Restate, word for word and with no pictures, the stretch of lines in the data below that begins at the line with "- On the Edit" and ends at the line with "Geomagnetic storm forecast", inclusive.

** Opening Recorded data block **

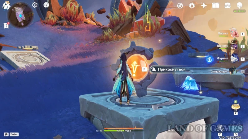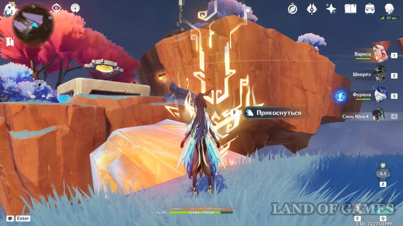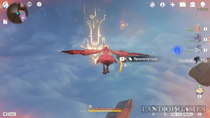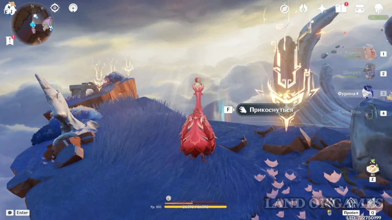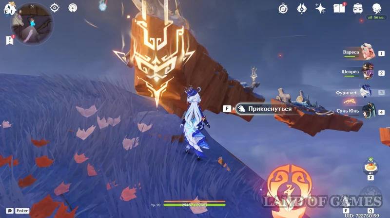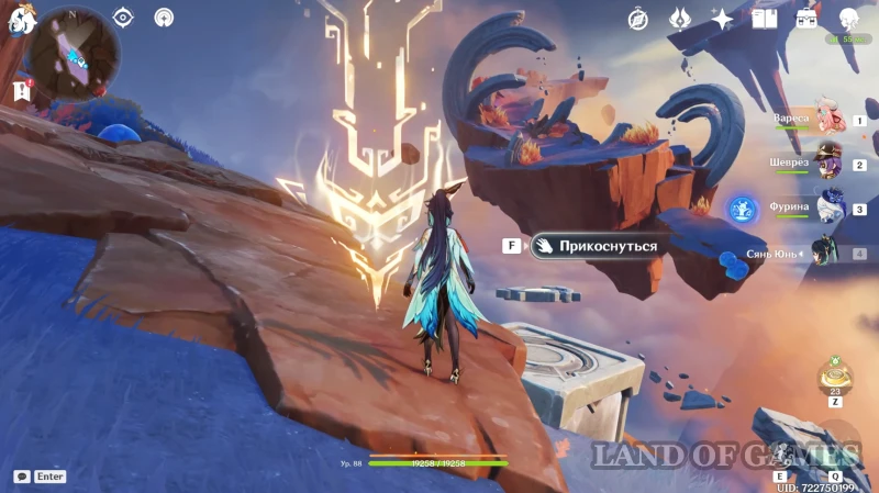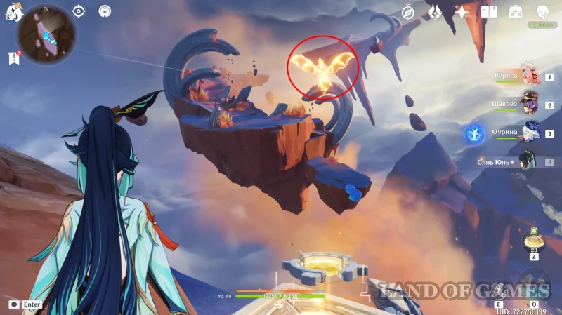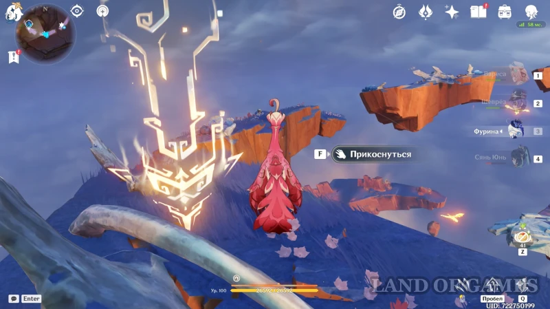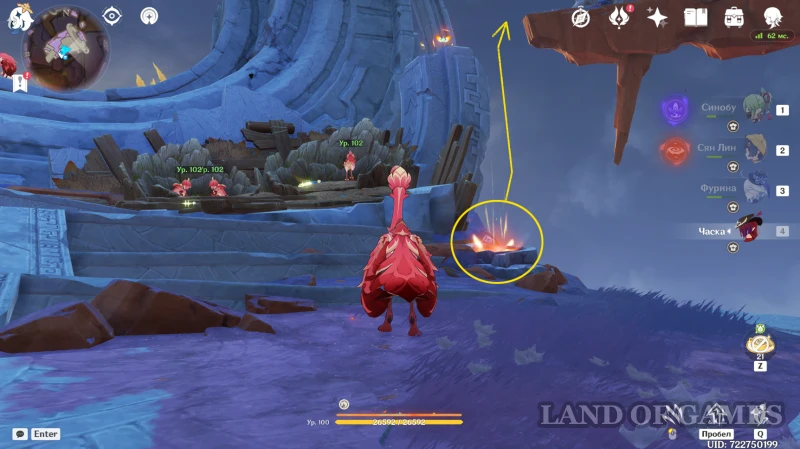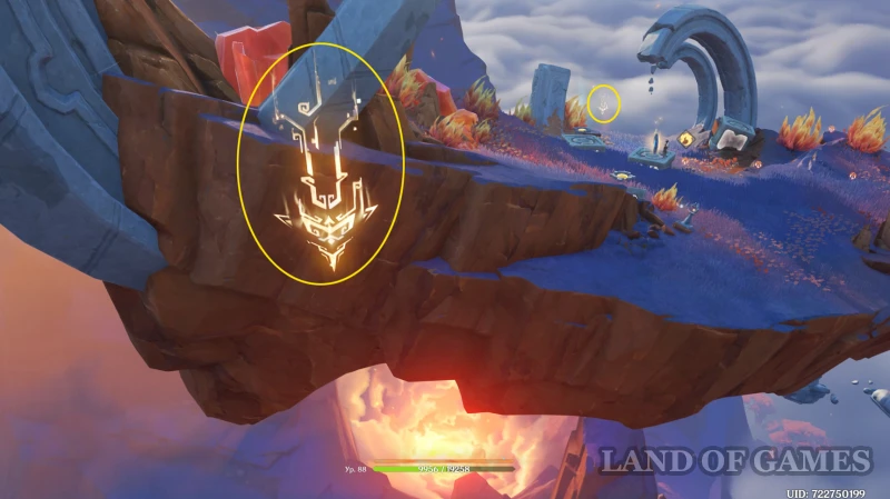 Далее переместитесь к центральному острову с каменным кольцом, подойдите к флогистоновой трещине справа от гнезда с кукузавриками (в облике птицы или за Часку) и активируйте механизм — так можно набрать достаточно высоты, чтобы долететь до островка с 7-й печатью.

** Closing Recorded data block **
** Opening Recorded data block **

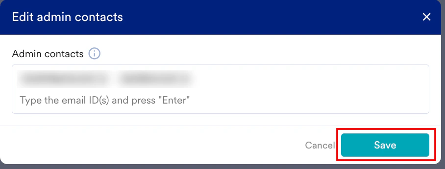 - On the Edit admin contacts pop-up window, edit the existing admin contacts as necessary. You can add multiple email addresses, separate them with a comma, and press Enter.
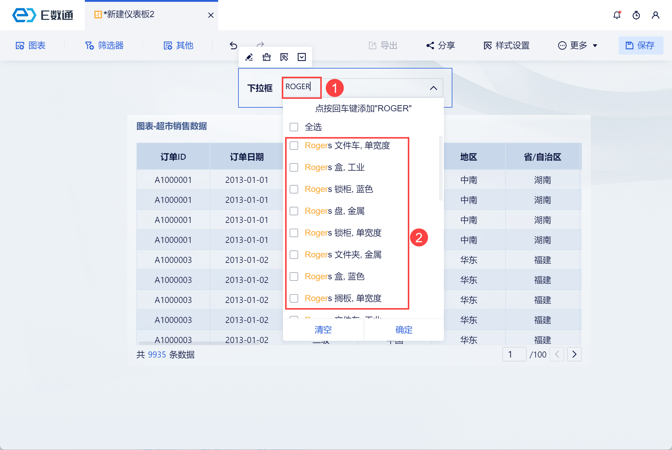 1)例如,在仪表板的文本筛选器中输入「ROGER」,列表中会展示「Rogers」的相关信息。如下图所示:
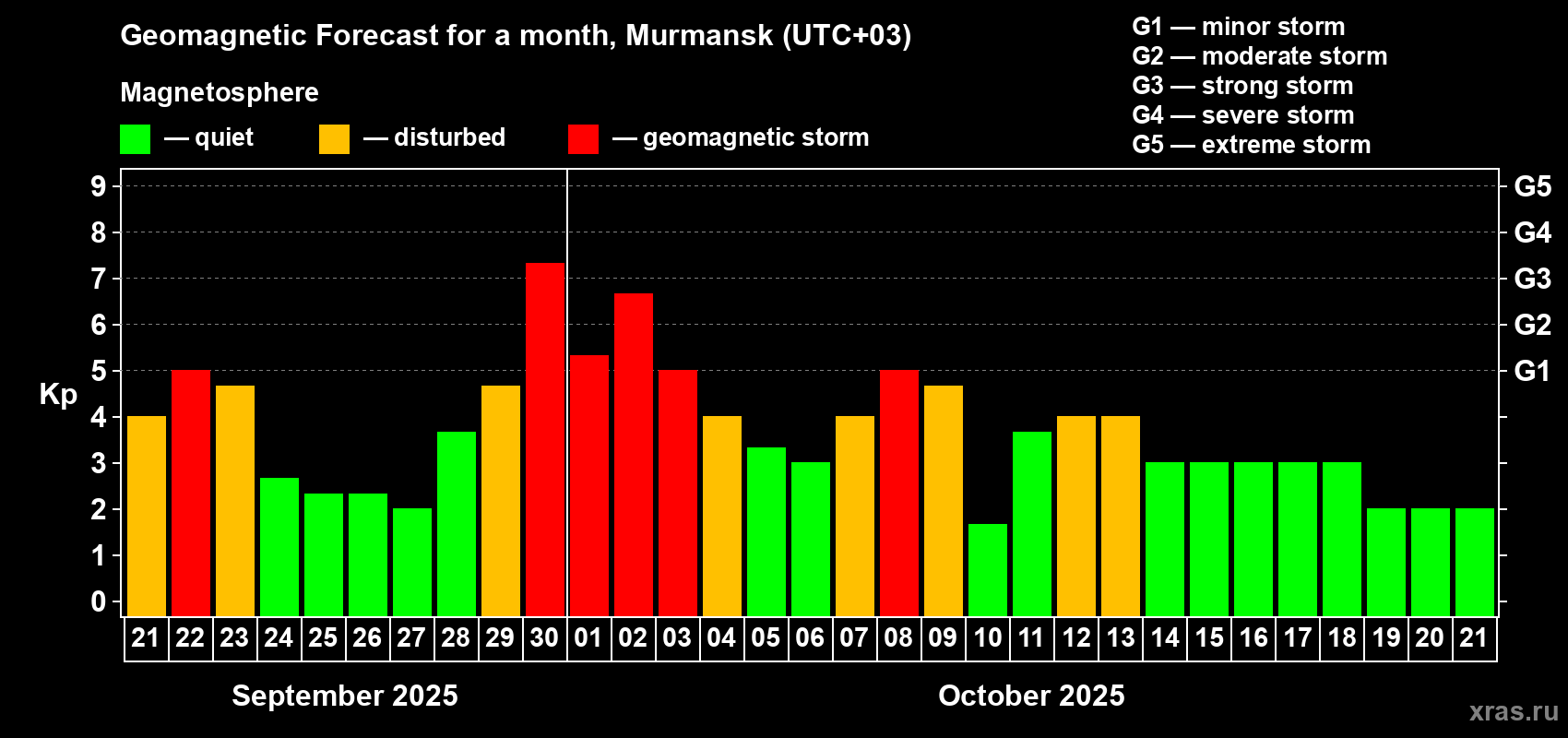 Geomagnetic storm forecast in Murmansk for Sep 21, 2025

** Closing Recorded data block **
** Opening Recorded data block **

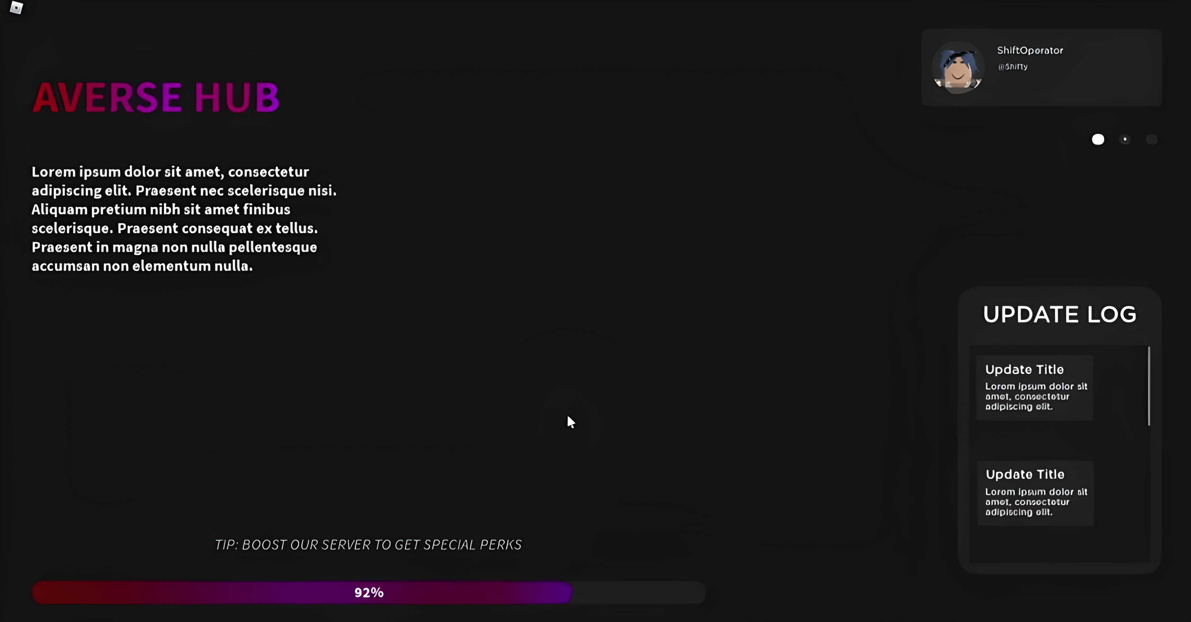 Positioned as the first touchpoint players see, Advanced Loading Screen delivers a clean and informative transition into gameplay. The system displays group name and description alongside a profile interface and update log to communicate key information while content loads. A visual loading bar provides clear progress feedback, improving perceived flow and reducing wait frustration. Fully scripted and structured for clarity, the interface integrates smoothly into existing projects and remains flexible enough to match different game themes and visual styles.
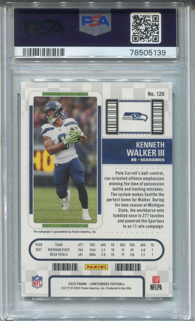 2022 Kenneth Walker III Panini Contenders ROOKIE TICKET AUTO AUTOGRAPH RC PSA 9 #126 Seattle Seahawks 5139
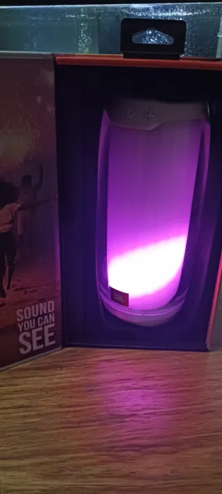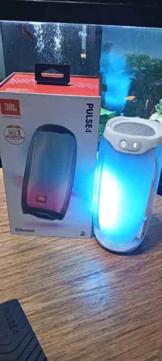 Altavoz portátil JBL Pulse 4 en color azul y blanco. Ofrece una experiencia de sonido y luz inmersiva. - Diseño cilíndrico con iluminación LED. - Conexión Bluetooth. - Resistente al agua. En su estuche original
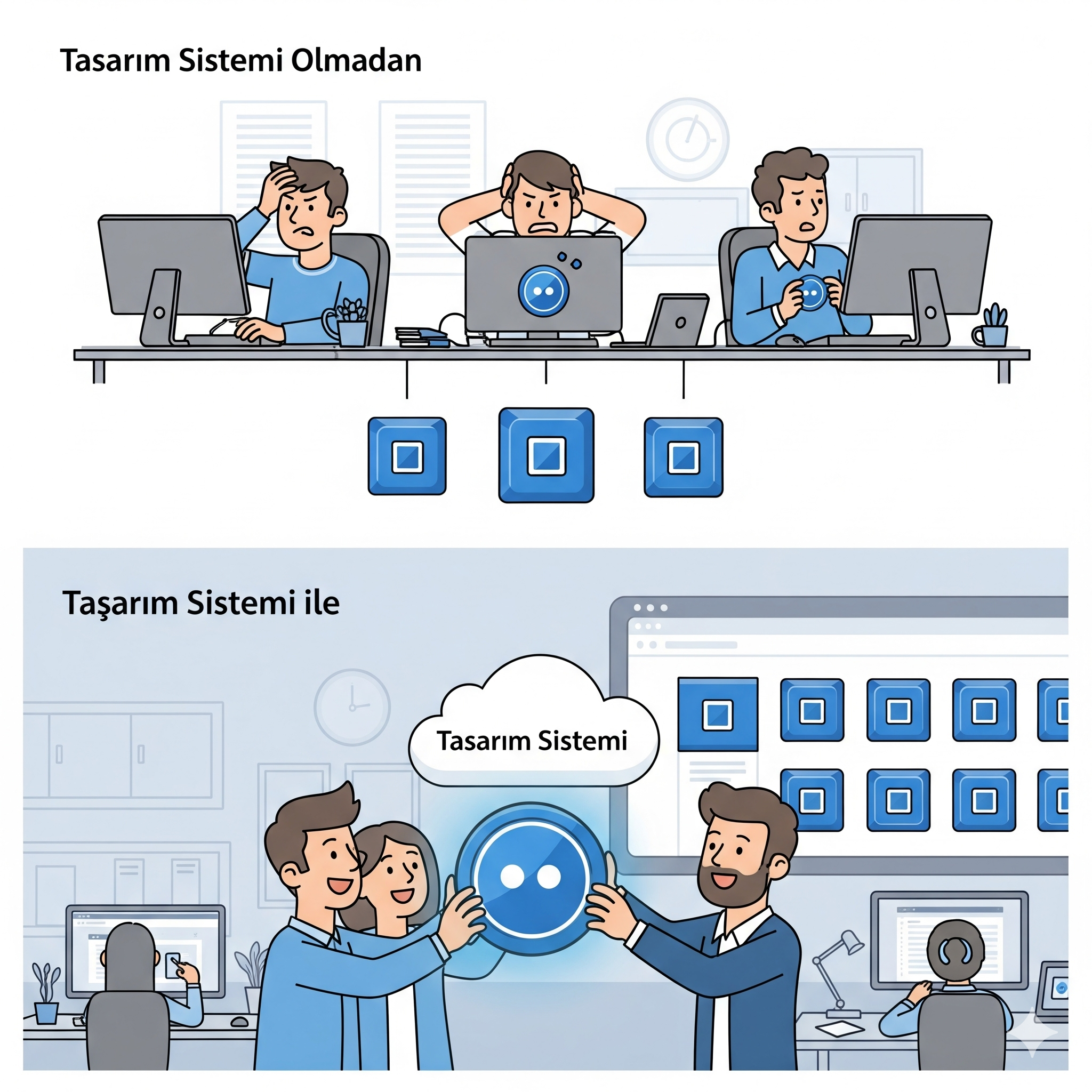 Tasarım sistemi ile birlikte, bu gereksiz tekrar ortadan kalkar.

** Closing Recorded data block **

**Response**
 - On the Edit admin contacts pop-up window, edit the existing admin contacts as necessary. You can add multiple email addresses, separate them with a comma, and press Enter.
 1)例如,在仪表板的文本筛选器中输入「ROGER」,列表中会展示「Rogers」的相关信息。如下图所示:
 Geomagnetic storm forecast in Murmansk for Sep 21, 2025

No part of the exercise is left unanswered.